Litigation Risk Alert in Spain: Mandatory Pre-Lawsuit Negotiations from April 3, 2025

Beginning April 3, 2025, Organic Law 1/2025 comes into effect in Spain, introducing a significant change: it will become mandatory to attempt a prior amicable resolution through Appropriate Methods for Dispute Resolution (known by the Spanish acronym MASC) before filing civil or commercial lawsuits. This measure aims to reduce court overload, promote quicker and more cost-effective agreements, and foster a culture of consensual dispute resolution.

What are MASC?

These are alternative methods to judicial proceedings, designed to help parties reach agreements more quickly and economically. The most common methods include:

  • Mediation (a neutral third party helps the parties reach an agreement).
  • Private Conciliation (similar to mediation, but the conciliator can propose specific solutions).
  • Independent Expert Opinion (a specialized professional analyzes the conflict and provides recommendations).
  • Binding Confidential Offer (a specific proposal for resolution that must remain confidential until the process concludes).
  • Collaborative Law (lawyers and parties collaborate to resolve issues without resorting to litigation).
In what cases will this be mandatory?

This requirement will apply to almost all civil and commercial lawsuits governed by the Spanish Civil Procedure Law, except in specific exceptions (such as cases involving gender-based violence or non-negotiable family conflicts). Failure to meet this requirement may result in the inadmissibility of the lawsuit or require its correction within a limited period.

Special relevance for Industrial Property cases

In matters related to trademarks, patents, or designs, this law carries significant impact.
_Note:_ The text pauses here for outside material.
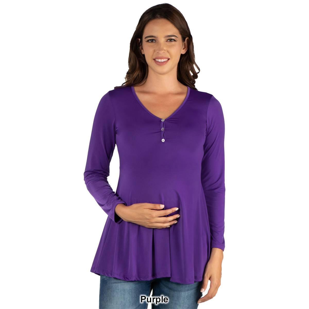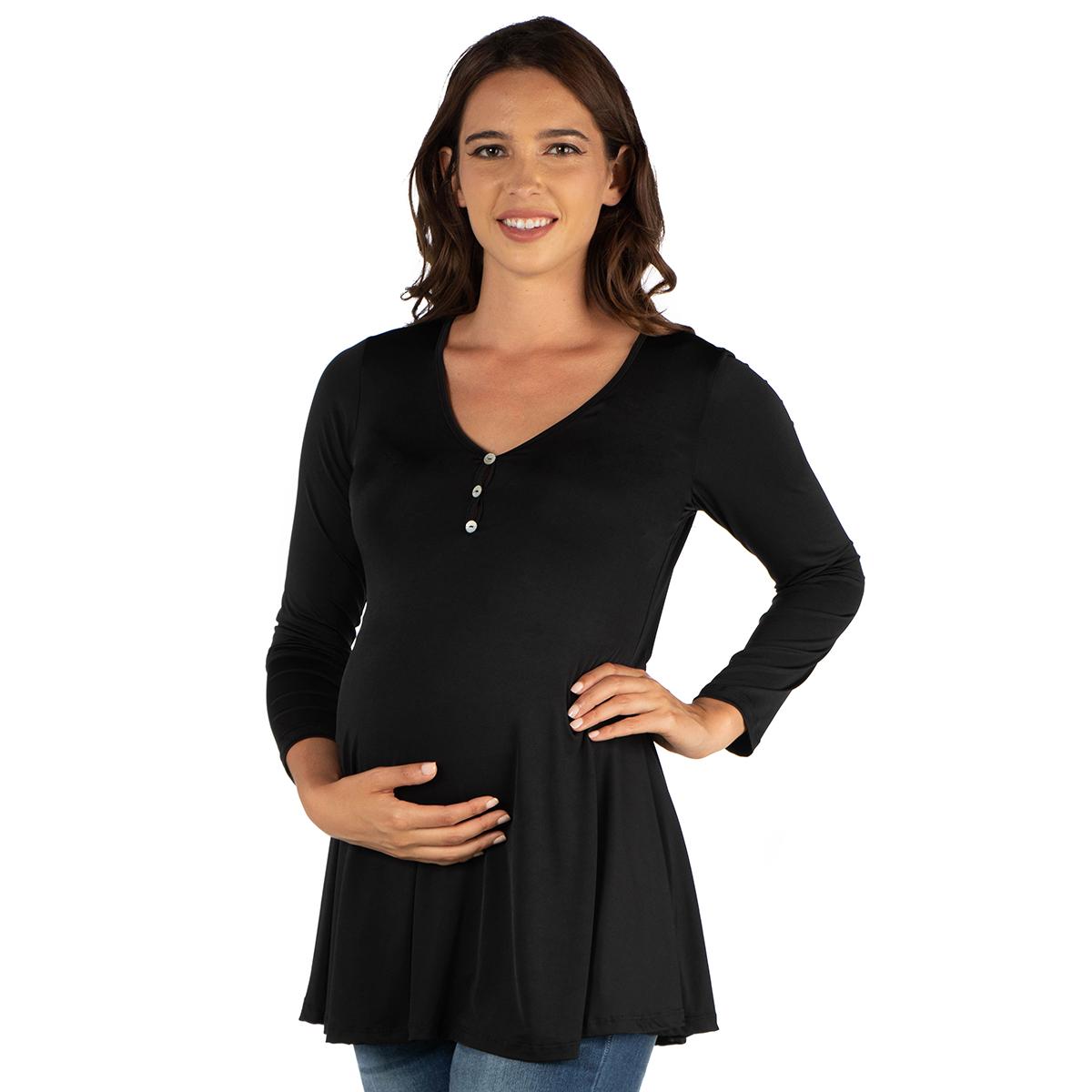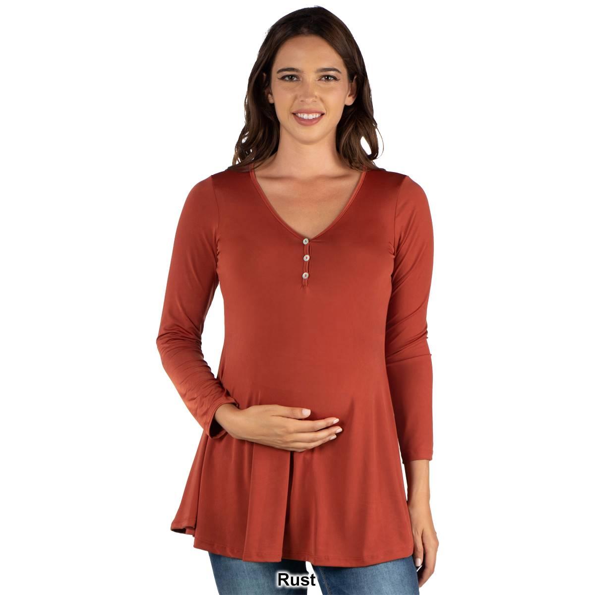 Womens 24/7 Comfort Apparel Flared Henley Tunic Maternity Top

Although attempts at conciliation were previously required in certain circumstances, the new law mandates prior attempts at resolution for all judicial actions involving industrial property rights. Lawyers will need to precisely and rigorously document any prior negotiation efforts—whether concerning infringement, invalidity, or cancellation—using valid evidence such as burofax, notarial acts, or documents signed by licensed professionals.
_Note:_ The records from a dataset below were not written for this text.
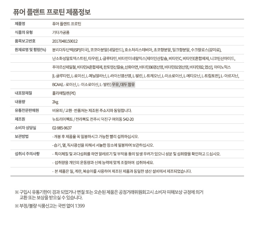 분리대두단백(ISP) 원료가 미국산이다. (중국산 X)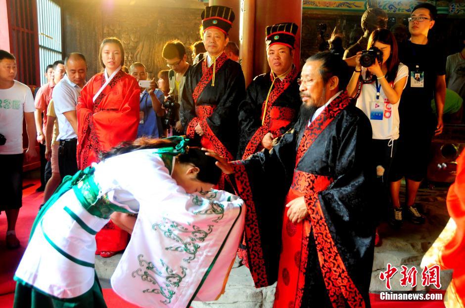 659 students and school leaders wear Hanfu (traditional clothing of the Han Chinese people) at the graduation ceremony held at Hebei Academy of Fine Arts on June 16, 2015. (CNS/Jia Minjie)
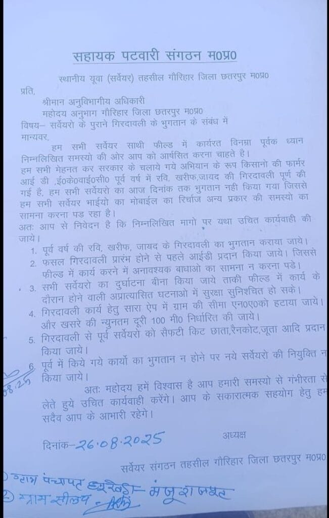 Leave a Comment / Uncategorized / By admin छतरपुर : सर्वेयरो का पुरानी गिरदावरी के भुगतान के सम्बन्ध में ज्ञापनChhatarpur: Memorandum regarding the payment of old surveyors’ land record.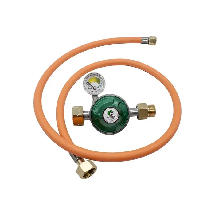 Комплект для подключения гриля с манометром (для контроля полноты баллона) DRAGONKIT. Данный комплект предназначен для газовых грилей NAPOLEON и WEBER. Позволяет Вам использовать гриль не только с туристическими, но и классическими газовыми баллонами. Данный комплект является аналогом комплекта NAPOLEON (CG-L150MRG-RU), только длина шланга 1,1 м. вместо 1,5 м. Наличие манометра для контроля полноты баллона делает новый комплект более удобным для использования. DK-500 регулятор давления для газовых баллонов с комбинированным типом соединения с вентилем (можно подключать как стальные баллоны, так и композитные баллоны с соединением СНГ и KLF). На выходе - резьба под сильфонную подводку G 1/2. Регулятор имеет клапан газ-контроль с кнопкой ручного управления и встроенный манометр. Наличие манометра даёт возможность проверить систему на герметичность от манометра до газового гриля. Клапан газ-контроль срабатывает при избыточном расходе газа (более 100% от максимальной пропускной способности регулятора). Такой расход происходит при повреждении или обрыва шланга. Клапан перекрывает подачу газа на 100%, тем самым прекращает дальнейшую утечку газа и устраняет риски возникновения аварийной ситуации.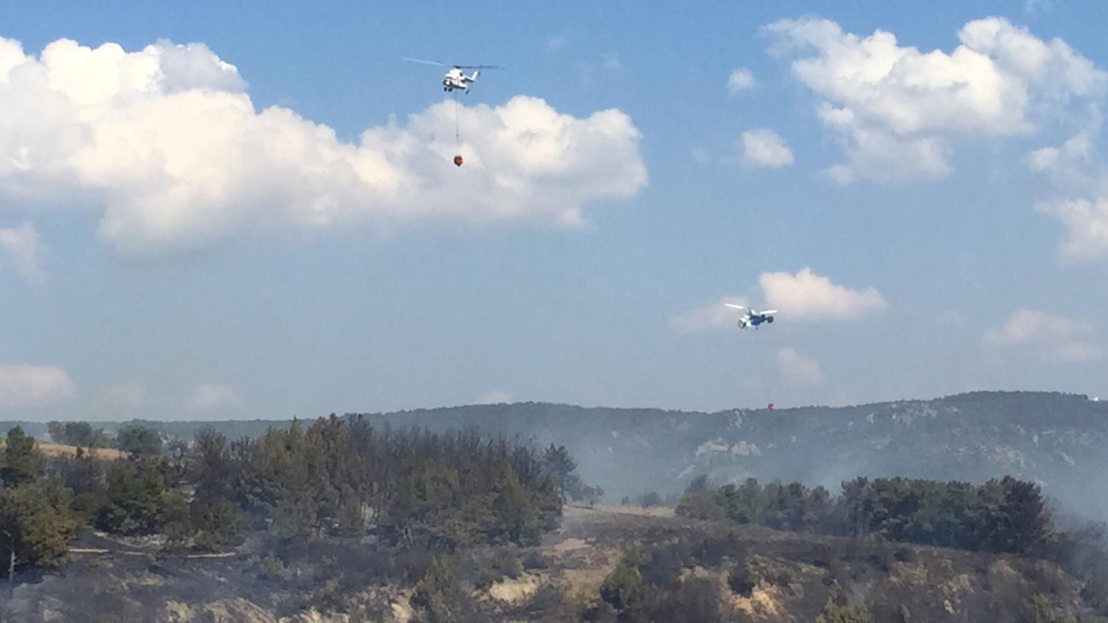 Çanakkale’de çıkan yangın devam ediyor. 10 hektarlık alan yandı.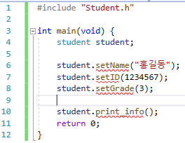 메인함수에서는 Student의 속성들을 메소드로 설정해주는 코드입니다.

How to prove prior attempts at resolution?

The law requires clear documentary evidence. Valid methods include:

  • Burofax or certified mail.
  • Email with proof of receipt and content verification.
  • Notarial acts.
  • Documents signed by lawyers or court representatives.

Conversations via WhatsApp, SMS, or phone calls will not be accepted as valid evidence.

Consequences of failing to comply

If an attempt at resolution is not adequately documented, the lawsuit may be declared inadmissible, or the plaintiff may be required to rectify the omission within a limited period. Negotiation attempts initiated only during the rectification period will not be accepted. Additionally, unjustified refusal to participate in prior negotiation can result in the party being required to pay full legal costs.

In conclusion

This new regulation demands a change in litigation strategy, emphasizing prevention, detailed documentation, and rigor during pre-litigation phases. Especially in specialized fields like industrial property, proactive, carefully documented negotiations will become crucial to ensuring the viability of future judicial actions.